* **ASSIGNED TASK**: Set down, exactly as written, the lines from the line holding "Pengarah Strategi PAN, Dr." to the end of the data, inclusive, skipping any pictures.
===== LISTED RECORDS
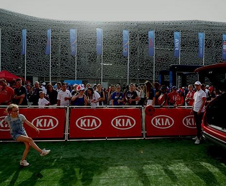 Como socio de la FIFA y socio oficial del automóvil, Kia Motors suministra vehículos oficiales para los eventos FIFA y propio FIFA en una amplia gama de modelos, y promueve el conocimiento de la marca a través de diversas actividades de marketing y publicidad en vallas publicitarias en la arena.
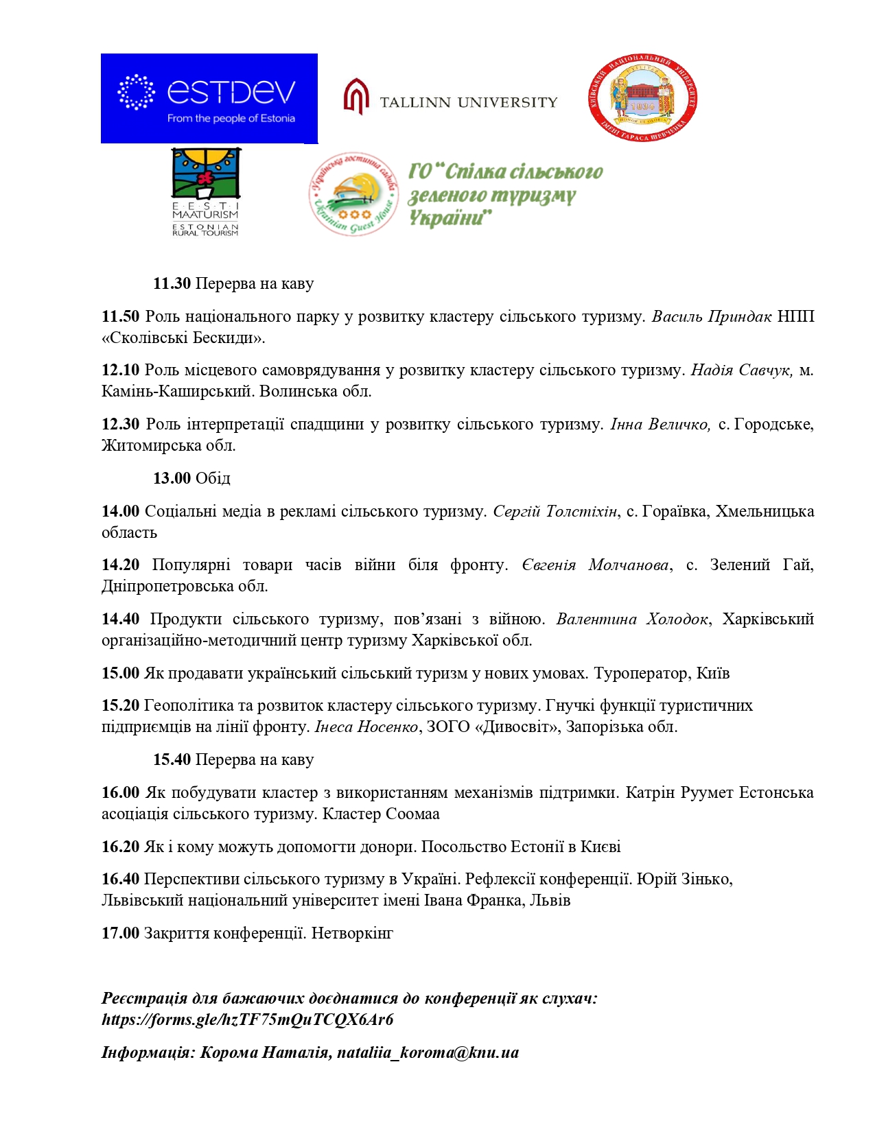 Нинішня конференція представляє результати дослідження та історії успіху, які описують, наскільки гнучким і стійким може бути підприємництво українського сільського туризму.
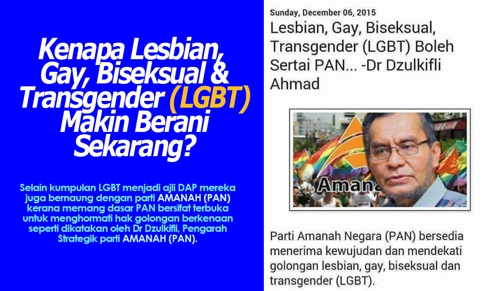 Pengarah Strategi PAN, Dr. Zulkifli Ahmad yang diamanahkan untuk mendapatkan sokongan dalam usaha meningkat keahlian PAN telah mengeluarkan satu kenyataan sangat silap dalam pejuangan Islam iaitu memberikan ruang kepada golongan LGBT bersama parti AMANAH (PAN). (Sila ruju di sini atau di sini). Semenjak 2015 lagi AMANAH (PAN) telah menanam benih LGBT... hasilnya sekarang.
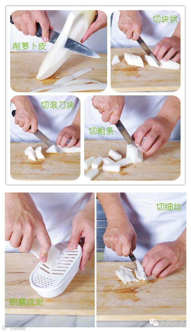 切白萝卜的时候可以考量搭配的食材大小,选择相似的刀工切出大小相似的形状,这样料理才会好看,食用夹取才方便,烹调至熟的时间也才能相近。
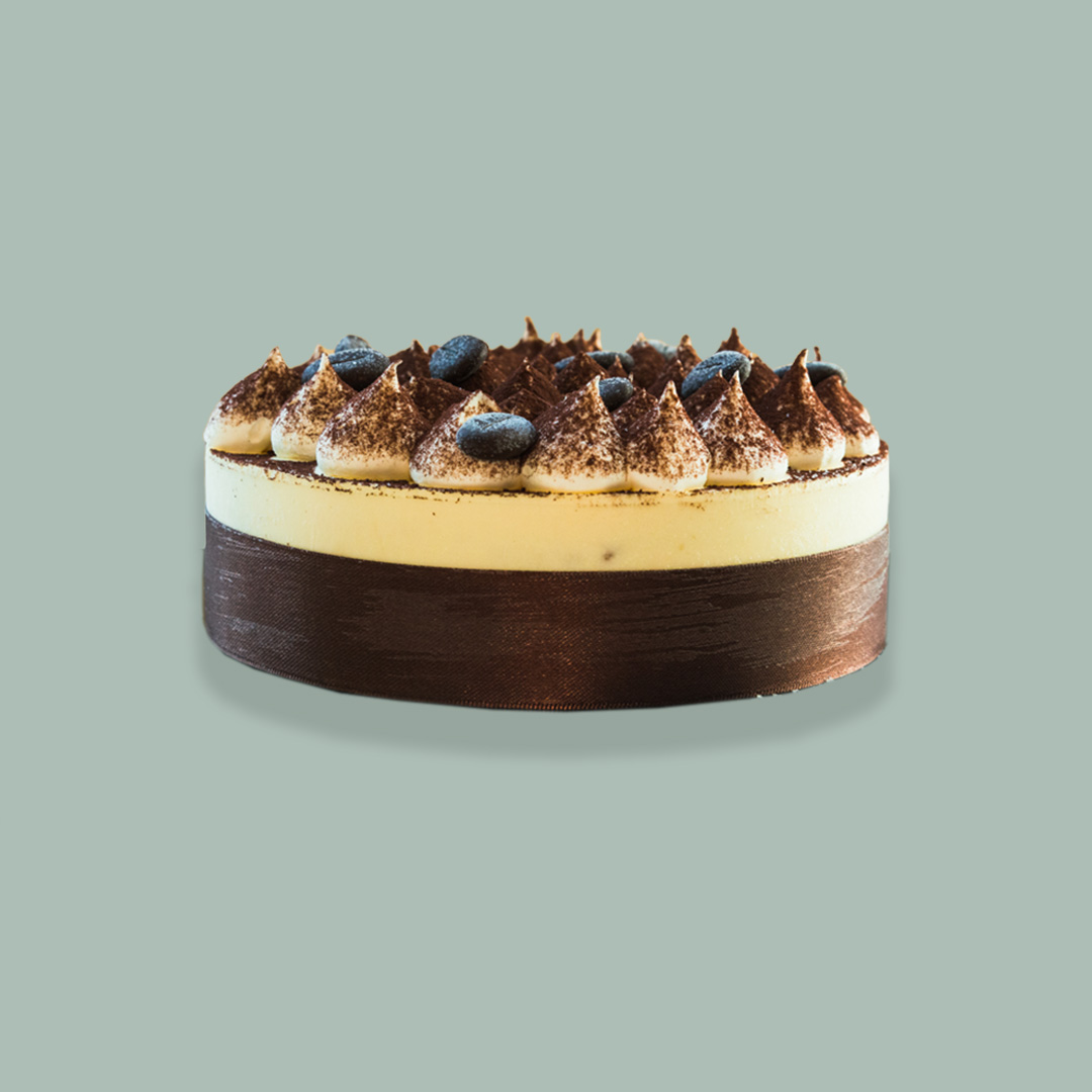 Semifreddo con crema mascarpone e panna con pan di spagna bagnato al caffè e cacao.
==========
* **FINAL ANSWER**:
 Pengarah Strategi PAN, Dr. Zulkifli Ahmad yang diamanahkan untuk mendapatkan sokongan dalam usaha meningkat keahlian PAN telah mengeluarkan satu kenyataan sangat silap dalam pejuangan Islam iaitu memberikan ruang kepada golongan LGBT bersama parti AMANAH (PAN). (Sila ruju di sini atau di sini). Semenjak 2015 lagi AMANAH (PAN) telah menanam benih LGBT... hasilnya sekarang.
 切白萝卜的时候可以考量搭配的食材大小,选择相似的刀工切出大小相似的形状,这样料理才会好看,食用夹取才方便,烹调至熟的时间也才能相近。
 Semifreddo con crema mascarpone e panna con pan di spagna bagnato al caffè e cacao.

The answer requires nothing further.